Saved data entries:
┄┄┄┄┄┄┄┄┄┄
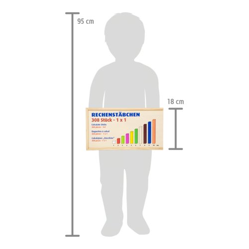 Je desať väčší ako tri? Tieto všestranné matematické tyčinky prispejem deťom k prvotnému porozumeniu číslam a rýchlo a názorne ich podporia pri prvých pokusoch o matematické rovnice. Farebné tyčinky v rôznych dĺžkach slúžia ako orientačná pomôcka. Deti predškolského veku získajú základné matematické zručnosti pri počítaní, porovnávaní a triedení tyčiniek. Sada obsahuje 6 hnedých tyčiniek, 6 modrých, 6 oranžových, 10 tmavo zelených, 10 tyčiniek vo farbe prírodného dreva, 10 žltých, 36 červených, 12 ružových, 36 svetlo zelených a 176 bielych tyčiniek. Tieto tyčinky sú ideálnymi spoločníkmi pre matematických profesionálov všetkých vekových kategórií. Trénujú predstavivosť a logické myslenie a zároveň odovzdávajú pochopenie veľkostí a farieb. Všetky tyčinky je možné po ukončení učenia roztriediť a uložiť do priloženej drevenej krabice s posuvným vekom. Hlavné vlastnosti: 308 ks viacúčelových matematických tyčiniek ako ideálny úvod do sveta číselpočítania, porovnávania a triedenia prináša dieťaťu prvé základné matematické zručnostibalené v drevenej krabici s posuvným vekom
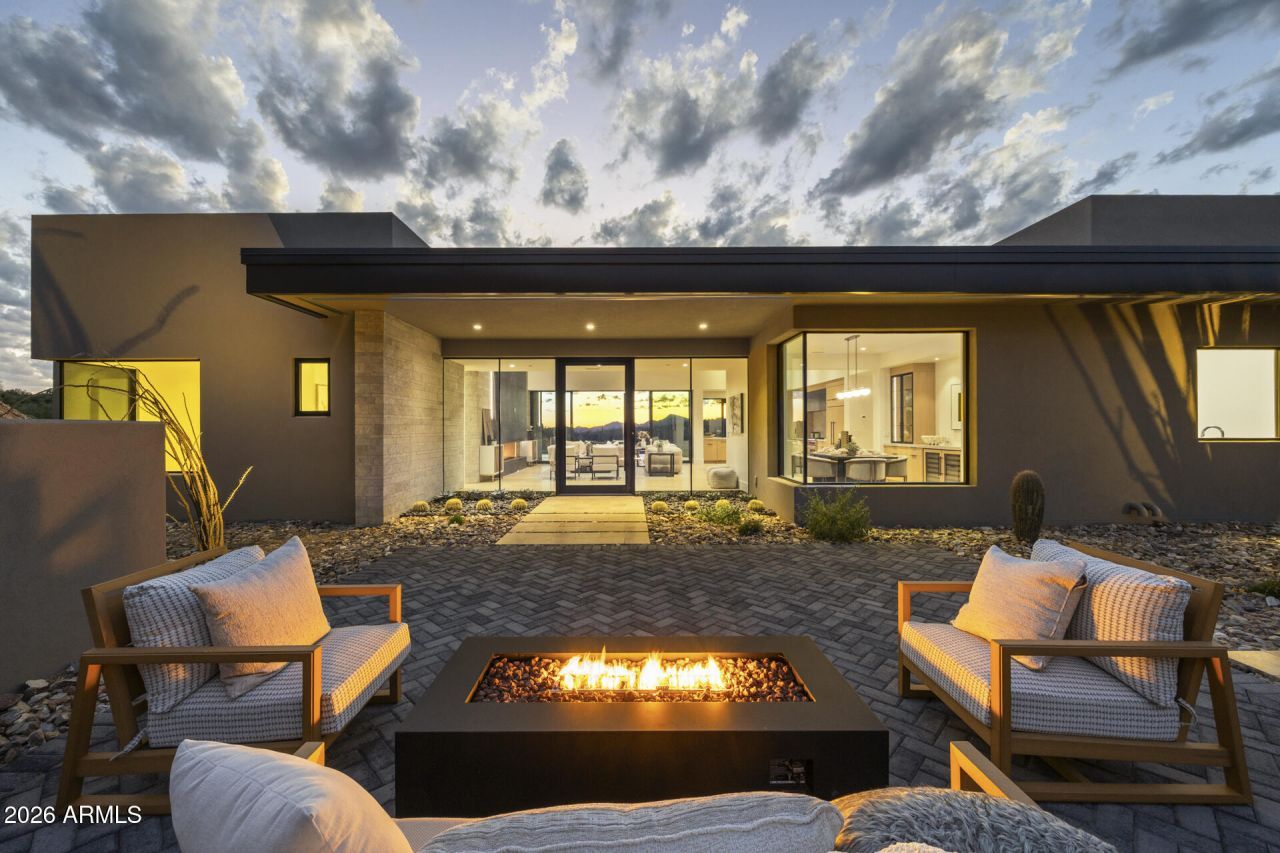 **Under construction masterpiece in Echo Canyon Estates**, which was inspired by their model home, this home is designed with the exciting addition of expanded room sizes.Discover the epitome of modern desert luxury in this exquisite single-story residence just north of the heart of Cave Creek. Set privately in the back canyon along a serene creekside in a peaceful cul-de-sac end of the road lot on a generous 4.5-acre parcel. This thoughtfully designed home will capture panoramic mountain vistas and the serene beauty of the Sonoran Desert.Encompassing **3,712 sqft** in the main house (thanks to our increased room sizes for even more spacious living). The open-concept layout will seamlessly integrate elegance and everyday functionality, featuring **4 generously sized bedrooms**, each with a private en-suite bathroom and expansive walk-in closet, plus a convenient powder room and a dedicated home office ideal for remote work or creative pursuits.The heart of the home will be the gourmet chefs kitchen, flawlessly flowing into the expansive great room anchored by a dramatic stone fireplace that brings warmth and ambiance to gatherings year round. Adjacent, a refined dining space will showcase a built-in wine fridge, perfect for entertaining family and friends in style.Retreat to the luxurious primary suite, a peaceful sanctuary offering captivating saguaro forest views, an oversized walk-in closet design with a washer/ dryer setup, and a spa like bathroom complete with a walk-in glass shower.Premium details will abound, from designer cabinetry and high-end finishes throughout to the oversized **four-car garage** for ultimate convenience.Step outside to your private resort style backyard oasis: a sparkling pool with sunken spa, surrounded by breathtaking panoramic sunset views and the tranquil sounds of nature enhanced by the creekside setting.Ideally located less than 5 minutes north of vibrant downtown Cave Creek, with its charming shops, galleries, restaurants, and Western flair, and only 30 minutes from the upscale dining, shopping, and cultural attractions of North Scottsdale.Experience this exceptional property concept firsthand 3D virtual tour of similar models available, and drone video of the development upon request.This is more than a home its a refined desert lifestyle waiting to be embraced by you.**Check GPS - Use 42240 N Sierra Vista Dr to locate development**
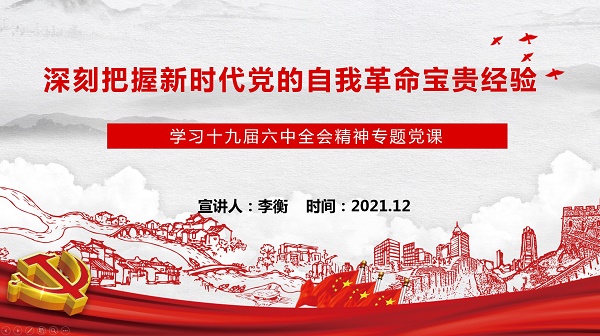 李衡作《深刻把握新时代党的自我革命宝贵经验-学习十九届六中全会精神》党课报告,从百年奋斗历程中汲取前行力量、深刻把握新时代党的自我革命宝贵经验、激浊扬清奔向伟大梦想等三个方面,带领与会党员深入领会党百年奋斗的伟大成就、伟大意义和伟大经验。他强调,我们的面前路途依然漫长,前程依然艰辛,在新征程上,我们必须铭记生于忧患、死于安乐,常怀远虑、居安思危,坚持全面从严治党,坚定不移推进党风廉政建设和反腐败斗争,不断清除一切损害党的先进性和纯洁性的因素,不断清除一切侵蚀党的健康肌体的病毒,确保党不变质、不变色、不变味,确保党在新时代坚持和发展中国特色社会主义的历史进程中始终成为坚强领导核心,紧密地团结在以习近平同志为核心的党中央周围,在实现第二个百年奋斗目标、实现中华民族伟大复兴的时代征程上再创新辉煌、再续新荣光!
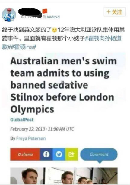 众所周知,孙杨只是误服兴奋剂,而霍顿却以此为把柄刻意攻击孙杨,也许这是霍顿的“舆论战术”,但这样的战术未免也太不光鲜!
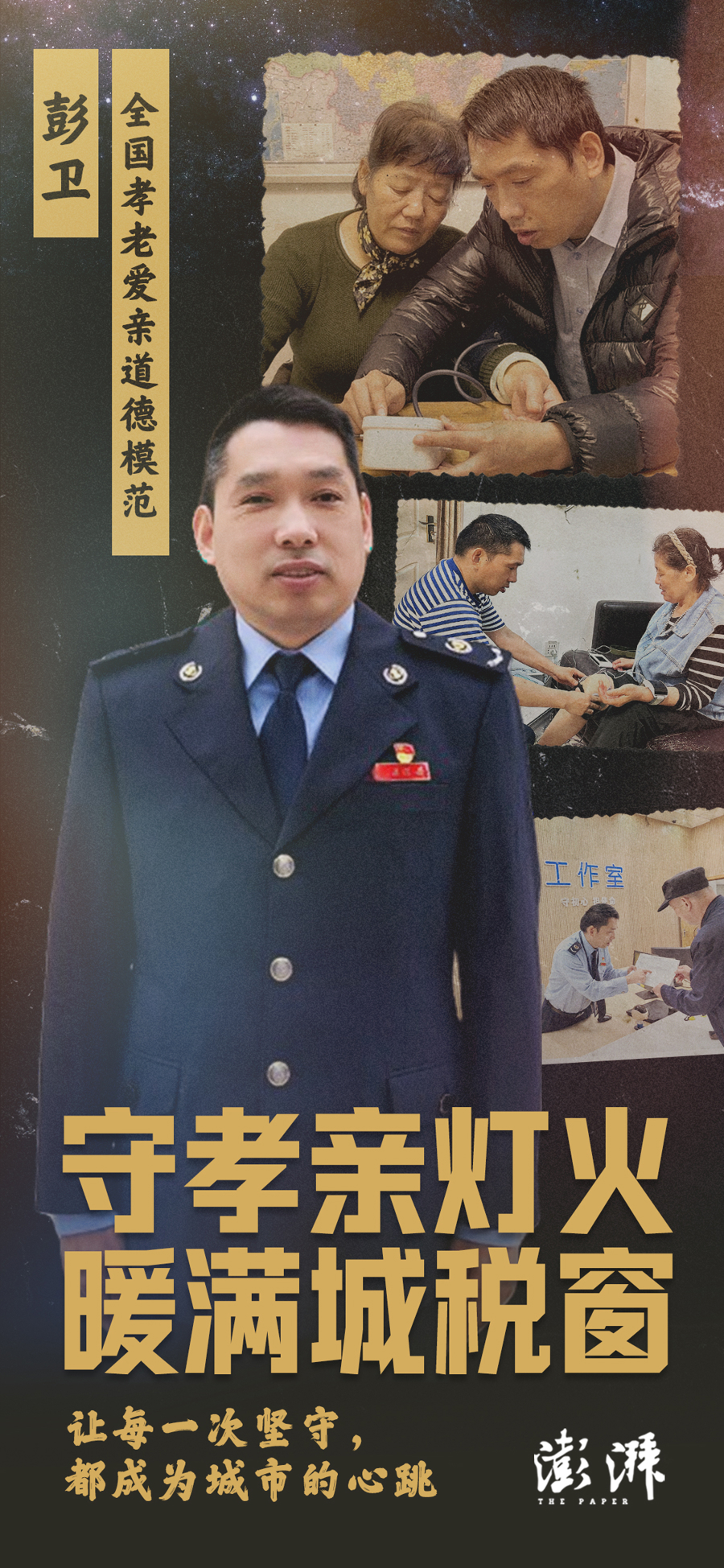 彭卫是国家税务总局上海市奉贤区税务局第一税务所三级主办。他用科技跨越千里尽孝,为湖北父母定制“智能监护系统”,通过可视化摄像头守护安全,智能手环监测健康,适老化改造让老宅更安全,以匠心守护上海小家,十年如一日为岳母按摩泡脚,自学理疗助其康复,暴雨天背岳母就医汗透衣背,他将军旅情谊化为家族担当,抚养侄女成才、引导叛逆外甥攻读研究生。
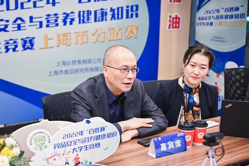 在比赛的最后阶段,上海市食品研究所有限公司总经理吴晓明先生充分肯定及赞扬了各位选手的优异表现,他表示:“大学生作为站在新时代、新技术、新思想最前沿的群体,是学习和传承食品安全和营养健康知识和科学观的中坚力量,更是带动食品安全社会共治的重要群体。希望社会各方可以一起行动起来,不断通过实践来丰富自己的食品安全及营养健康知识。”
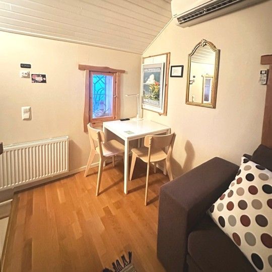 Peipposen viehättävä 35 m²:n huoneisto tarjoaa kodikasta asumista historiallisessa puutalomiljöössä. Huoneistossa on ilmalämpöpumppu, oleskelutila, tilava sauna ja suihkuhuone, erillinen wc sekä 15 m² parvi. Parkettilattia luo lämpimän tunnelman, ja keittiöstä löytyy astiasto, keittolevyt, jääkaappi, mikroaaltouuni sekä veden- ja kahvinkeitin.
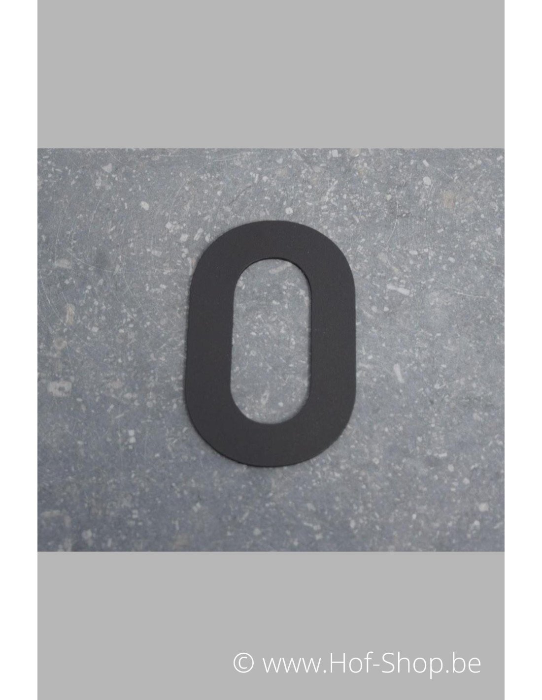 Cijfer zwart gelakt met een poedercoating in ral 9005 structuur.
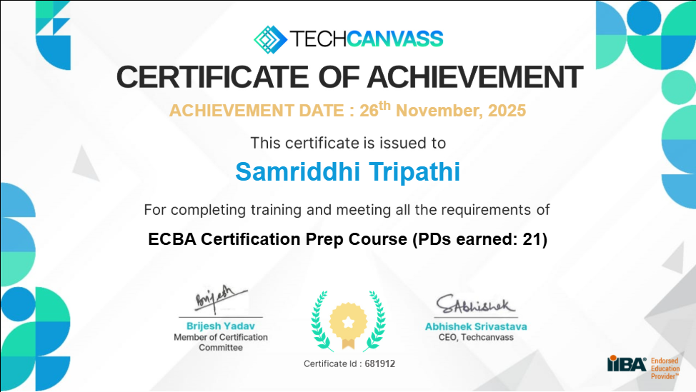 Techcanvass is an Information Technology certifications training Organization for professionals. It offers internationally recognized certifications in the field of Business Analysis. It is a premier Authorized training partner (ATP) of a premier Endorsed Education Provider (EEP) of International Institute of Business Analysis (IIBA), Canada.
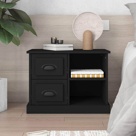 This bedside cabinet with an elegant design makes a timeless addition to your interior decor. Durable material: The engineered wood is of exceptional quality with smooth surface and also features strength, stability and resistance to moisture. Ample storage space: The bedside table is designed with 2 drawers and 2 compartments to keep things organised and within easy reach. Stable and sturdy table top: The top of the side cabinet is perfect for displaying your decorative items, picture frames and potted plants. Good to know:To make assembly as easy as possible, each product is delivered with a manual.
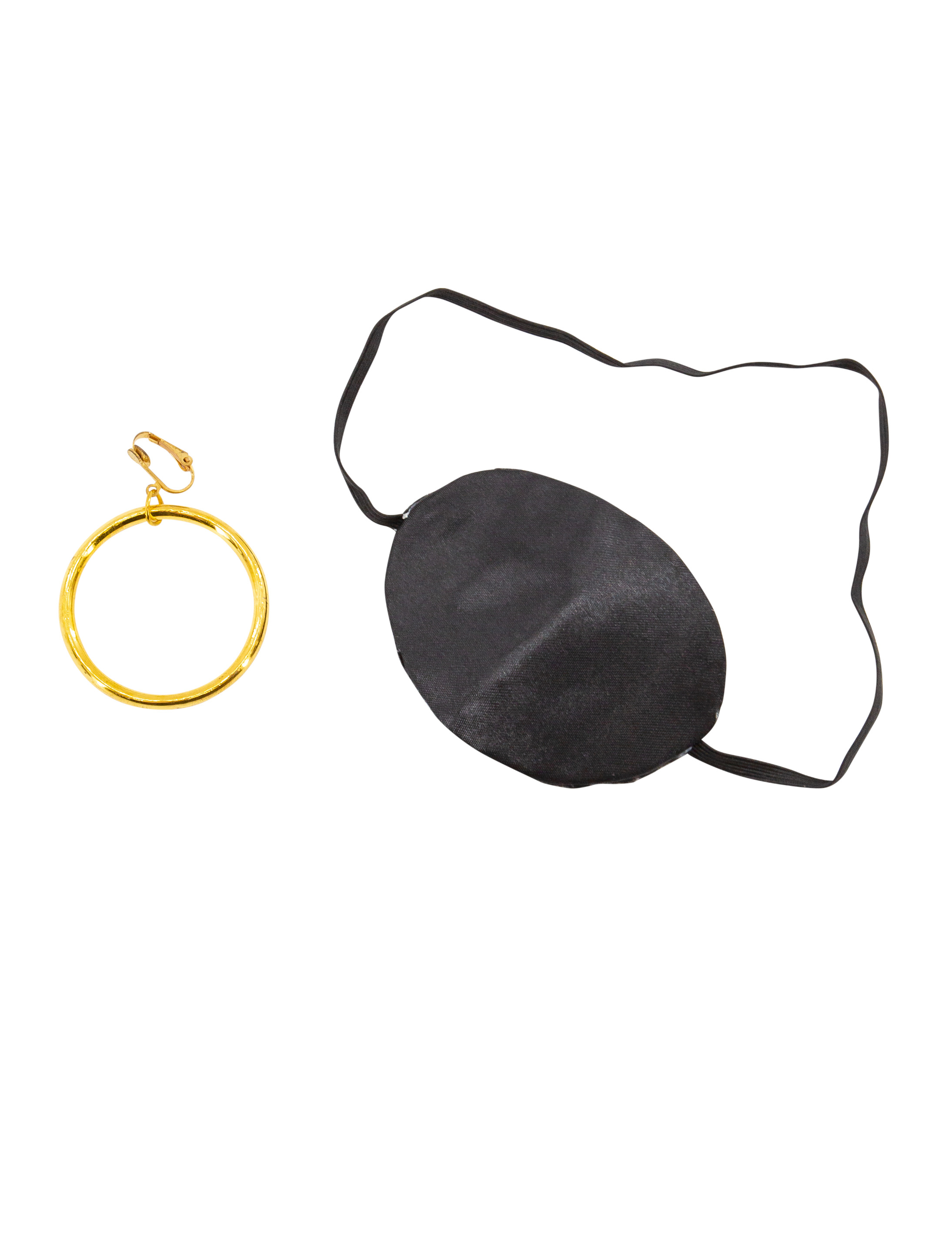 Mit diesem Zubehör wirst Du an Karneval zu einem echten Piraten. Die Augenklappe für den Pirat mit Ohrring ist aus schwarzem Satin und wird mit einem Gummiband befestigt. So bist Du für Deine Abenteuer bestens ausgestattet. Der große, goldene Ohrring der Piraten Augenklappe rundet Dein Kostüm perfekt ab. Er wird ganz einfach mit einem Klipp befestigt. Das Zubehör macht Dein Kostüm erst realistisch. Augenklappe und Ohrring lassen Dich in das Leben eines richtigen Piraten eintauchen. Damit machst Du aus einem klassischen Kostüm etwas Besonderes. Für jeden Piraten ein Muss.
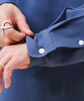 シンプルなデザインの中に、使いやすい胸ポケットを配置。ミニマルな中にさりげないアクセント。
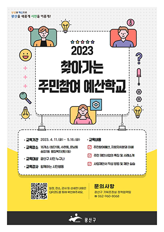 주민참여예산제 또는 찾아가는 주민참여예산학교에 대한 자세한 안내는 광산구 기획조정실(062-960-8068)로 문의하면 된다.
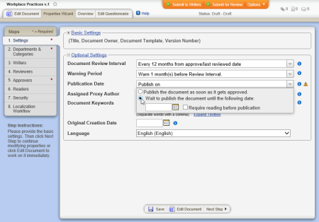 - For Publication Date, click Wait to publish the document until the following date. Click
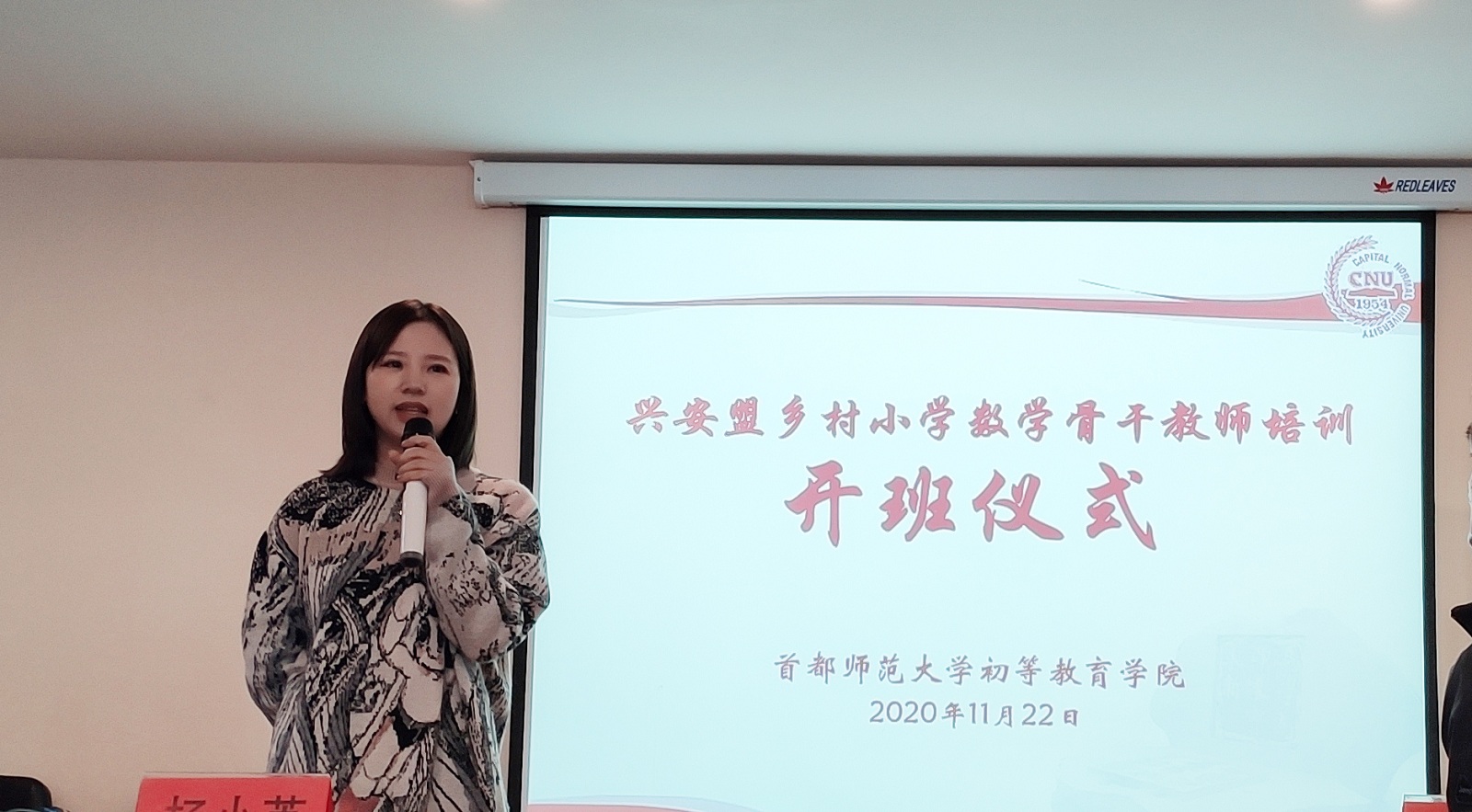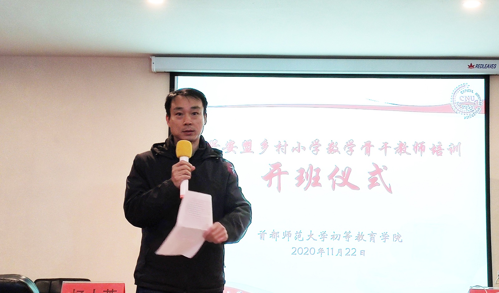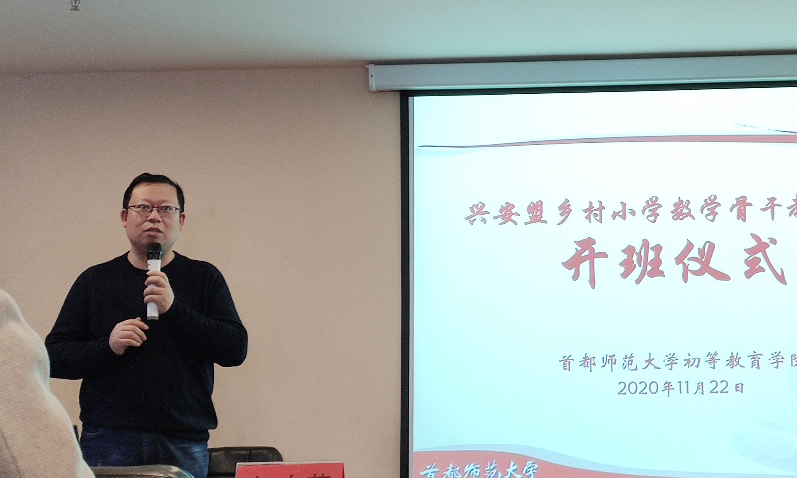 2020年11月22日,兴安盟乡村小学数学骨干教师培训班开班仪式在北京维也纳酒店(万达西八角站)举行。本次培训是落实京蒙教育精准扶贫政策与措施的重要项目,着力于提升内蒙古自治区兴安盟乡村小学数学骨干教师的教学能力,拓展教师视野。共有50位来自兴安盟来自各旗县市的教研员和乡村小学数学骨干教师参加本次培训。开班仪式由培训办公室主任杨小英主持。
┄┄┄┄┄┄┄┄┄┄
Instructions to follow: In the data above, find the line with "众所周知,孙杨只是误服兴奋剂" and the line with "Techcanvass is an". Please copy exactly those two lines and every line between them, but not the pictures.

Reply:
 众所周知,孙杨只是误服兴奋剂,而霍顿却以此为把柄刻意攻击孙杨,也许这是霍顿的“舆论战术”,但这样的战术未免也太不光鲜!
 彭卫是国家税务总局上海市奉贤区税务局第一税务所三级主办。他用科技跨越千里尽孝,为湖北父母定制“智能监护系统”,通过可视化摄像头守护安全,智能手环监测健康,适老化改造让老宅更安全,以匠心守护上海小家,十年如一日为岳母按摩泡脚,自学理疗助其康复,暴雨天背岳母就医汗透衣背,他将军旅情谊化为家族担当,抚养侄女成才、引导叛逆外甥攻读研究生。
 在比赛的最后阶段,上海市食品研究所有限公司总经理吴晓明先生充分肯定及赞扬了各位选手的优异表现,他表示:“大学生作为站在新时代、新技术、新思想最前沿的群体,是学习和传承食品安全和营养健康知识和科学观的中坚力量,更是带动食品安全社会共治的重要群体。希望社会各方可以一起行动起来,不断通过实践来丰富自己的食品安全及营养健康知识。”
 Peipposen viehättävä 35 m²:n huoneisto tarjoaa kodikasta asumista historiallisessa puutalomiljöössä. Huoneistossa on ilmalämpöpumppu, oleskelutila, tilava sauna ja suihkuhuone, erillinen wc sekä 15 m² parvi. Parkettilattia luo lämpimän tunnelman, ja keittiöstä löytyy astiasto, keittolevyt, jääkaappi, mikroaaltouuni sekä veden- ja kahvinkeitin.
 Cijfer zwart gelakt met een poedercoating in ral 9005 structuur.
 Techcanvass is an Information Technology certifications training Organization for professionals. It offers internationally recognized certifications in the field of Business Analysis. It is a premier Authorized training partner (ATP) of a premier Endorsed Education Provider (EEP) of International Institute of Business Analysis (IIBA), Canada.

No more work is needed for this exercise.